## WHAT YOU WILL DO
Retyping should cover only the lines from the one containing "49% İndirimBeres Tek" through the final line of the records, with pictures omitted.

++++ DATASET CONTENT

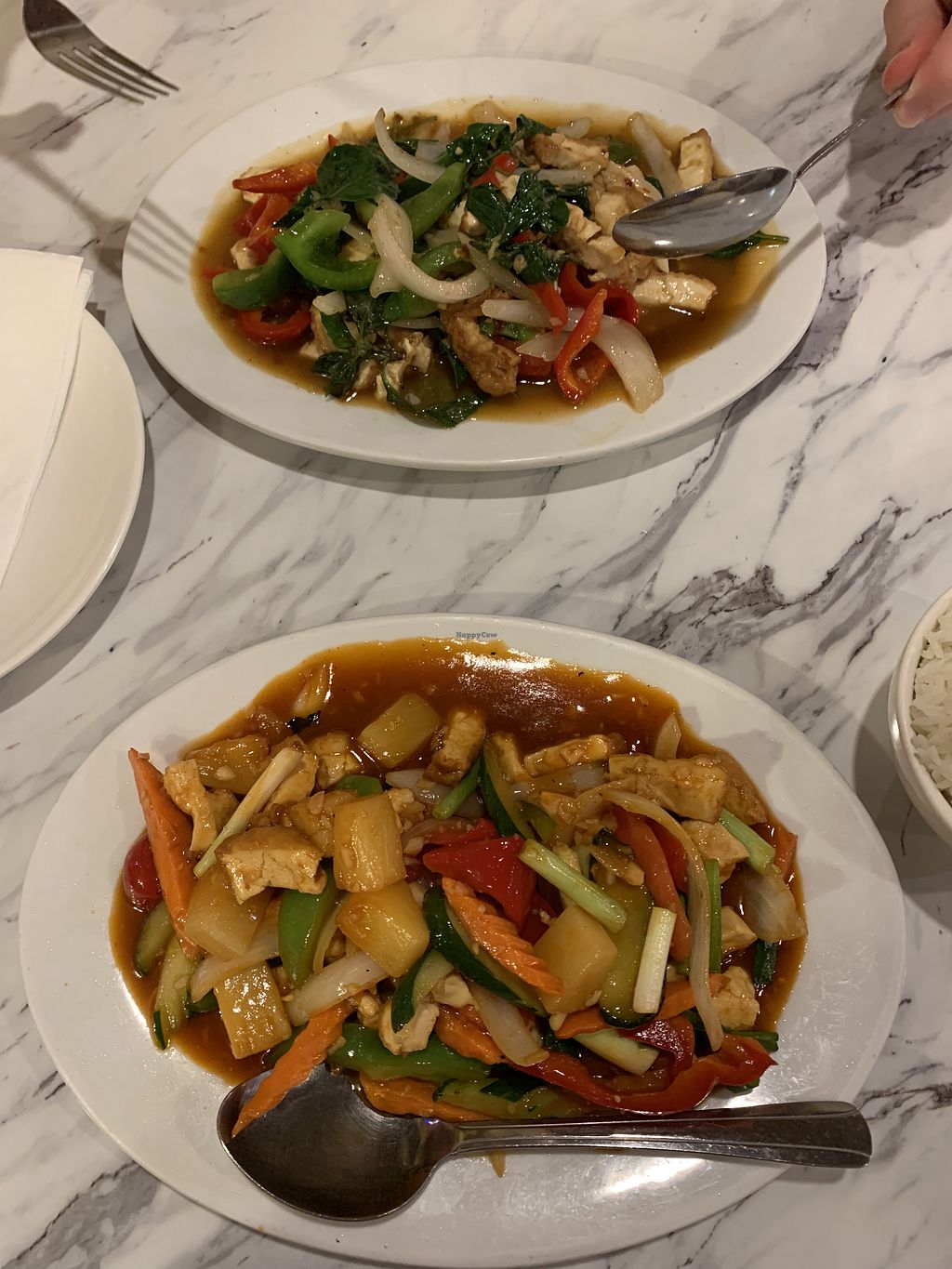 Our stir fry entrees we’re delicious! Nothing is explicitly vegan in the menu, but the waitress told us that almost everything can be made vegan. A lot of the dishes that seem like they would be vegan actually have fish and oyster sauce. Fortunately, their menu is very clearly labeled with ingredients and we were able to order entree without the non-vegan ingredients.
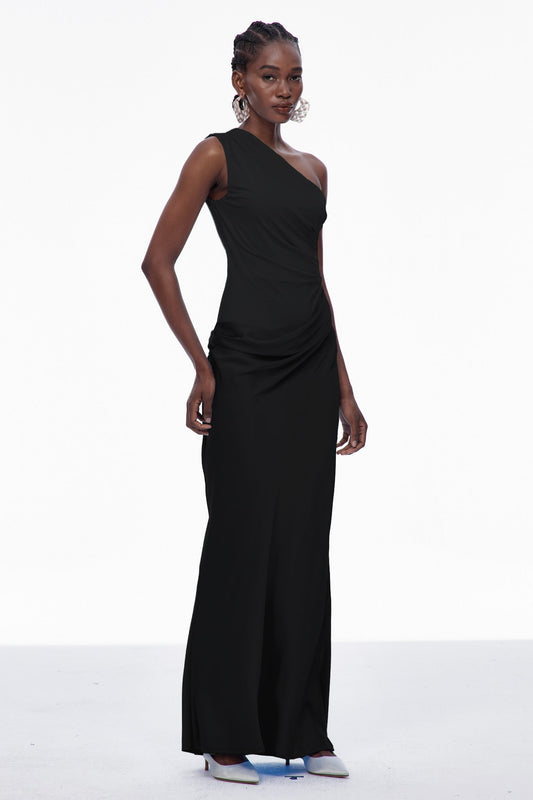 49% İndirimBeres Tek Omuzlu Siyah Saten Uzun Elbise
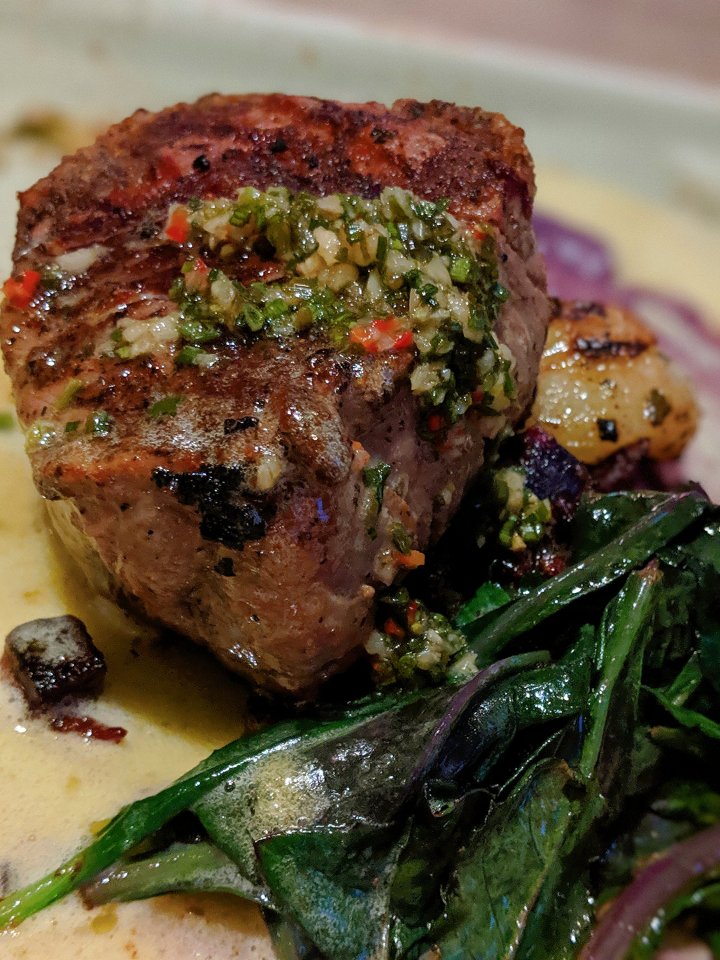 For more carnivorous appetites, there’s the Filet Mignon with diced Okinawan Sweet Potatoes – or go even bigger with a Tomahawk pork chop or ribeye.
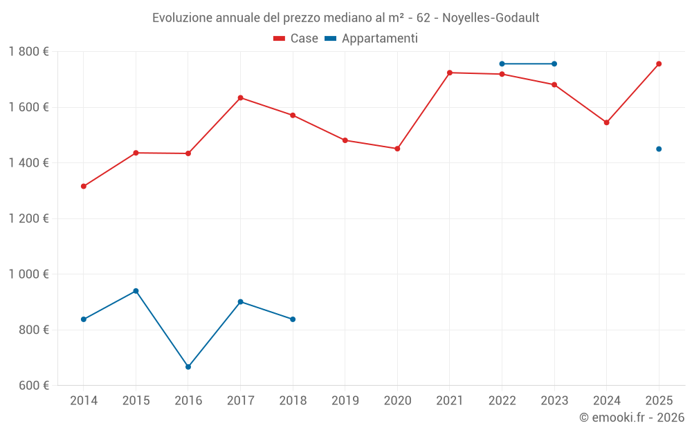 Il prezzo mediano sulle 38 transazioni di case degli ultimi 12 mesi nel comune di Noyelles-Godault era di 1 654 € al metro quadrato per un valore patrimoniale mediano di 139 500 €. In questo periodo il 60% delle transazioni era tra 1 272 e 2 160 € al metro quadrato (dal 2° all'8° decile).
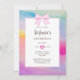 Elegant Rainbow Watercolor Pink Bow Girl Birthday Photo Invitation

++++++++

## FINISHED EXERCISE
 49% İndirimBeres Tek Omuzlu Siyah Saten Uzun Elbise
 For more carnivorous appetites, there’s the Filet Mignon with diced Okinawan Sweet Potatoes – or go even bigger with a Tomahawk pork chop or ribeye.
 Il prezzo mediano sulle 38 transazioni di case degli ultimi 12 mesi nel comune di Noyelles-Godault era di 1 654 € al metro quadrato per un valore patrimoniale mediano di 139 500 €. In questo periodo il 60% delle transazioni era tra 1 272 e 2 160 € al metro quadrato (dal 2° all'8° decile).
 Elegant Rainbow Watercolor Pink Bow Girl Birthday Photo Invitation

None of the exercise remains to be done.